Timbre de rêve et superbes sons filés, l’Américaine Kristin Lewis incarne une émouvante Amelia ; sa prestation fera date dans l’histoire des Chorégies. Le rôle d’Oscar est magnifiquement défendu par Anne-Catherine Gillet qui, tel un feu follet, occupe le devant de la scène et reçoit une ovation méritée. L’Ulrica de Sylvie Brunet impressionne par sa présence et sa force de suggestion. Ramón Vargas possède le style et le legato pour le rôle de Riccardo mais manque de projection vocale et surtout d’aisance théâtrale. Le Renato de Lucio Gallo ne tient pas ses promesses : souvent fatigué dans les aigus, charbonneux dans les notes les plus graves, il peine à s’imposer. Les seconds rôles de conspirateurs tenus par Nicolas Courjal, Jean Teitgen, et celui du marin (Paul Kong,) sont en revanche excellemment distribués.

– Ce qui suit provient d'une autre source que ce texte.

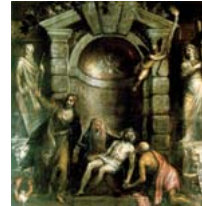
— fig. ⑤ —
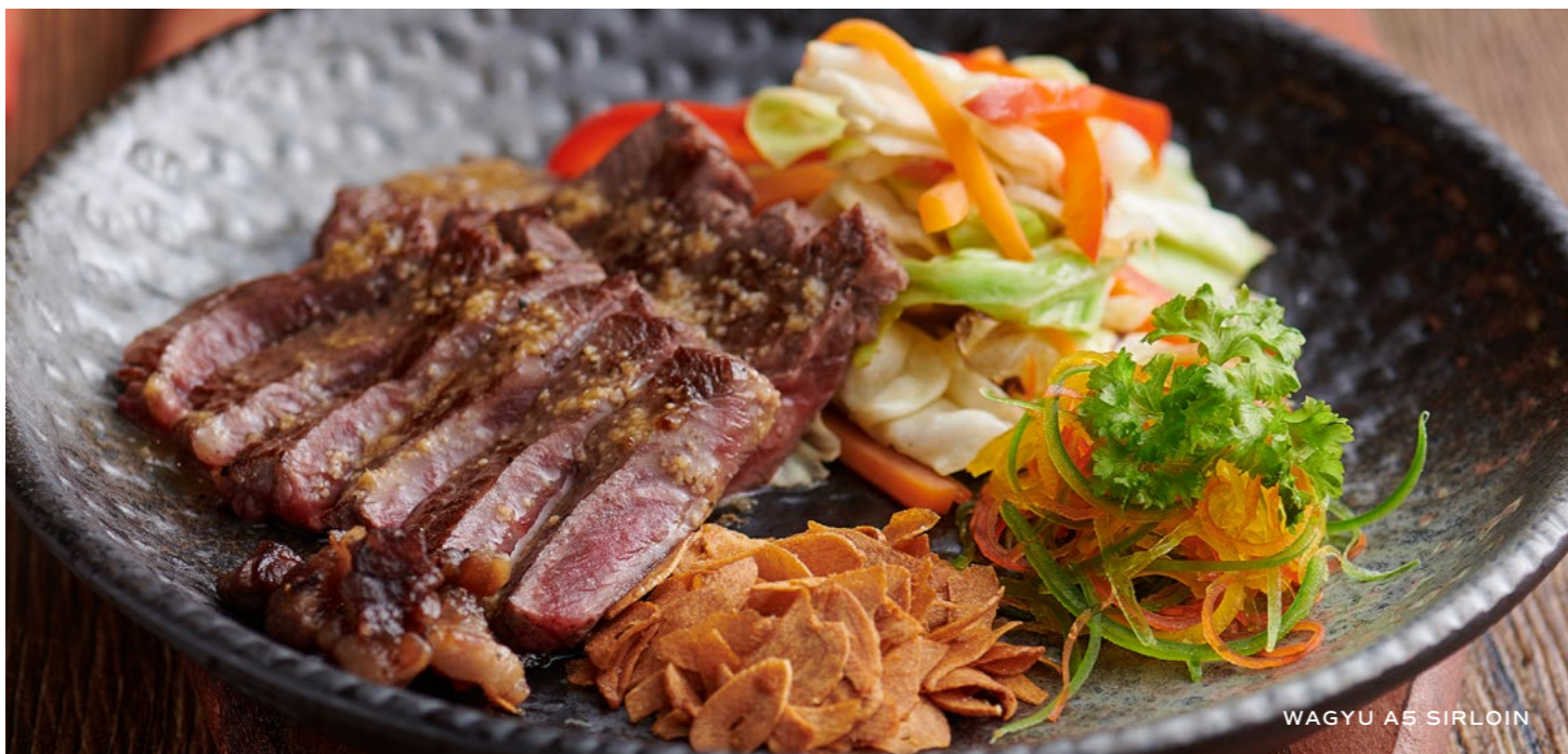
WAGYU A5 SIRLOIN
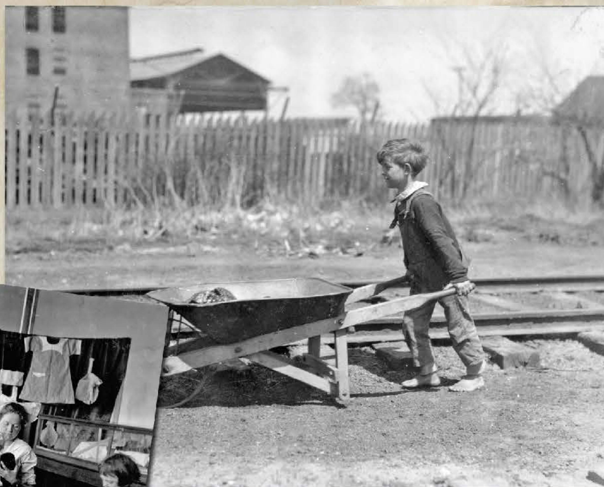
Swipin' coal from the freight yards. Oklahoma City, Oklahoma, April 1917.

Alain Altinoglu dirige l’Orchestre National Bordeaux-Aquitaine avec élégance, soucieux de ne jamais couvrir les chanteurs, préférant la fluidité et la souplesse, aux déferlements de passion exacerbée, ménageant une teinte française qui correspond bien aux exigences verdiennes et aux sources du livret tiré du drame de Scribe. Les chœurs venus d’Angers-Nantes, Avignon et Nice, servent à merveille les scènes de foule. Somme toute, une représentation du Bal Masqué qui, sans être totalement aboutie, ne dessert jamais la partition de Verdi.

Michel Le Naour

Verdi : Un Bal masqué – Orange, Théâtre antique, 3 août 2013, prochaine représentation le 6 août (à 21h30)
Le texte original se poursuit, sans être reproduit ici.